Even if you have a family history of diabetes, studies show that having a healthy diet is a good pre-diabetes prevention approach. It’s also important to remember that it’s not just what you eat, but also how much that can make a difference in whether or not you get diabetes. Eating more foods that are boiled as opposed to fried, cutting back on the amount of butter used in cooking, as well as eating more fish, chicken and lean beef, will also all be helpful in keeping the disease at bay.

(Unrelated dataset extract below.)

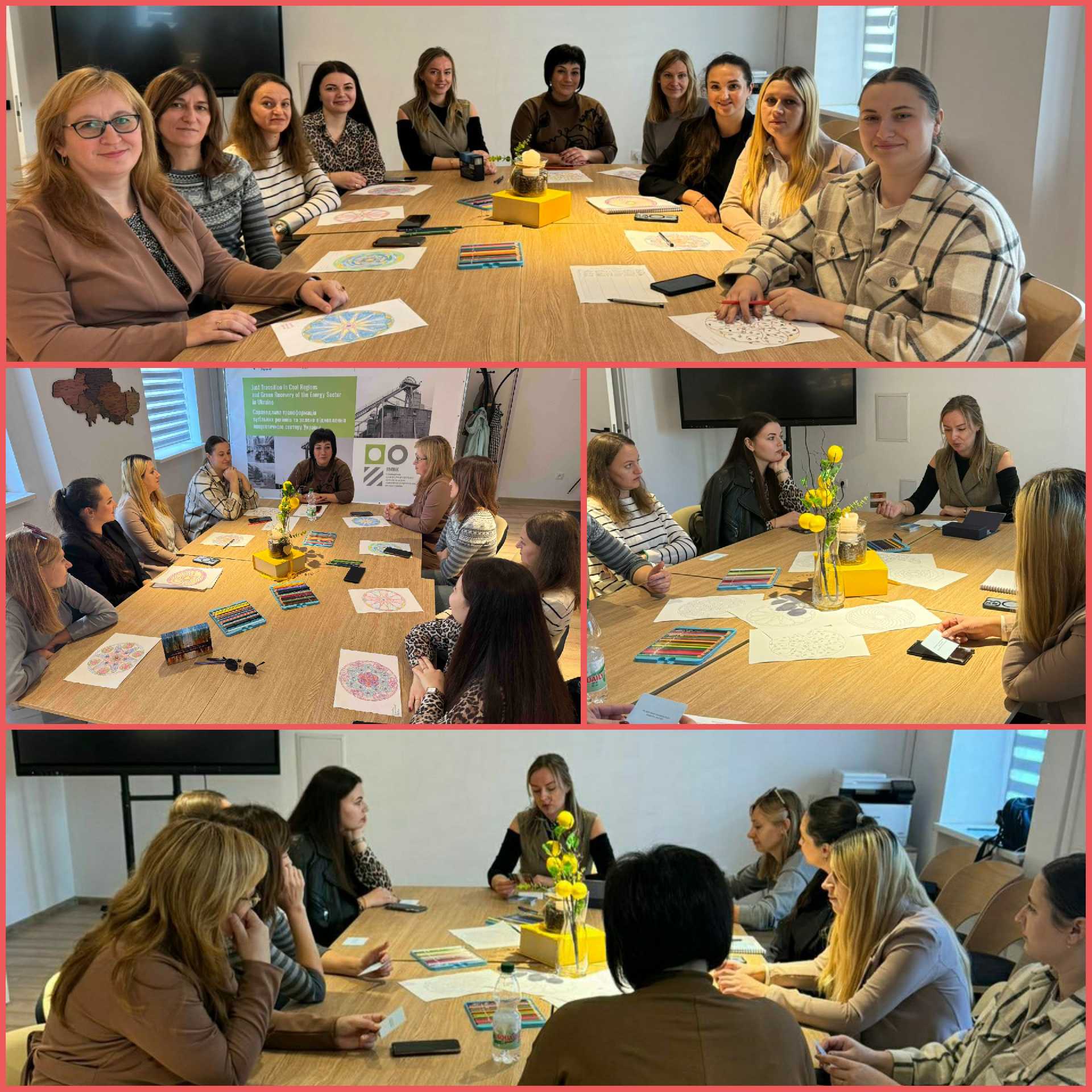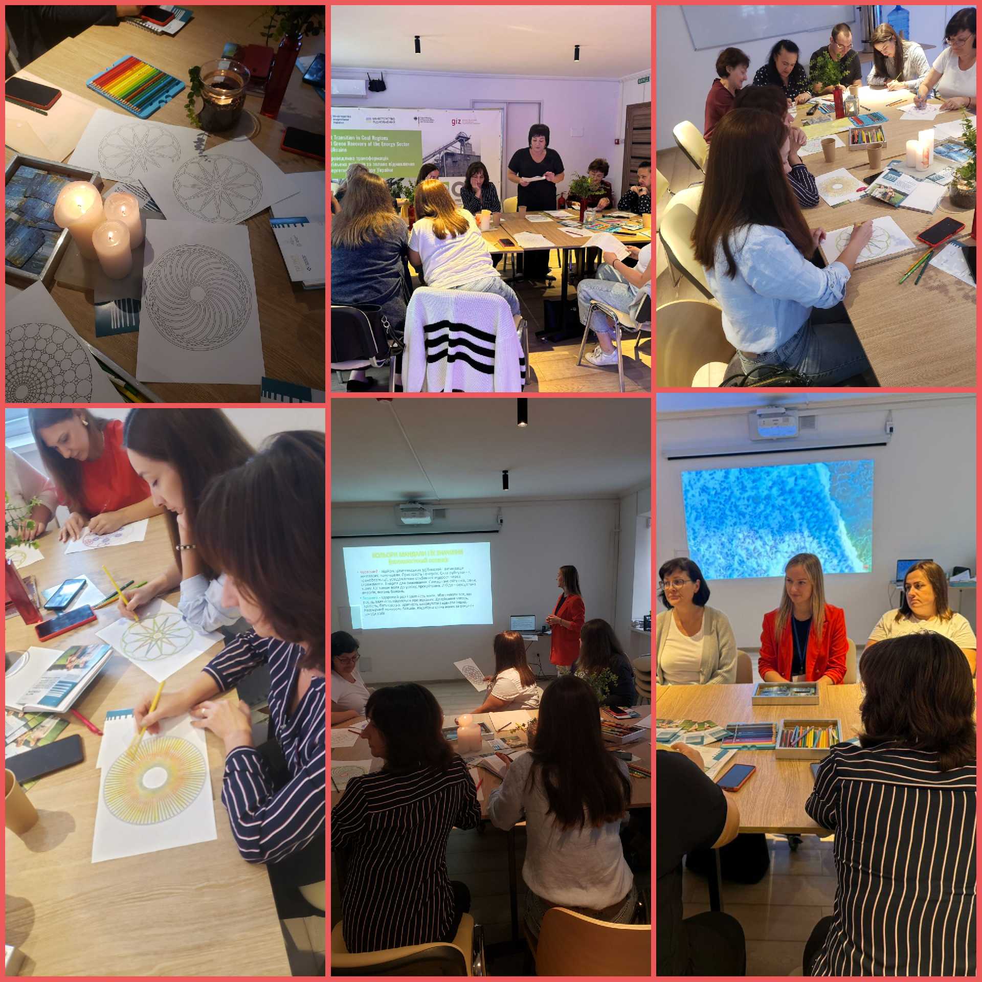 Під час тренінгу працювали з техніками стабілізації, провели самодіагностику емоційного стану, використовували метафоричні картки, опанували ресурсну техніку «Мандала».

Pre-diabetes prevention should also include exercise. It helps us use insulin that we produce to convert food we eat into energy. This keeps our blood glucose lower. So, if you have a piece of cake or pie for dessert, follow it up by going for a brisk walk or a bike ride.
Pre-diabetes can increase your chances of getting heart disease or having a stroke, but the good news is that you do have the power to lower those risks. With weight control, regular exercise and a nutritious diet, there is no reason why you shouldn’t be able to turn things around.
If you suspect that you might have diabetes, don’t shy away from getting help. Tests to determine whether or not you do have the disease are not that difficult to go through. In most cases, to confirm the diagnosis of type-2 diabetes, a fasting plasma glucose test will be conducted. According to the American Diabetes Association, this is the preferred testing method because it is quick, easy and not expensive. Before taking the test, people are not allowed to eat for up to eight hours. During the test, blood is drawn and then sent to a lab for analysis.
Normal blood sugar (fasting glucose) is between 70 and 100 milligrams per deciliter for those who do not have diabetes. A diagnosis of diabetes is made when two separate tests show that your fasting blood glucose level is greater or equal to 126 mg/dL. If you have risk factors for diabetes or symptoms, your doctor just might do a glucose tolerance test to make sure you don’t have the disease. This oral glucose test measures the body’s ability to use sugar. Some people have normal fasting blood sugar readings, but their blood sugar rises when they eat. These people have what is called impaired glucose intolerance. If their blood sugar is high enough, they could also be diagnosed with diabetes.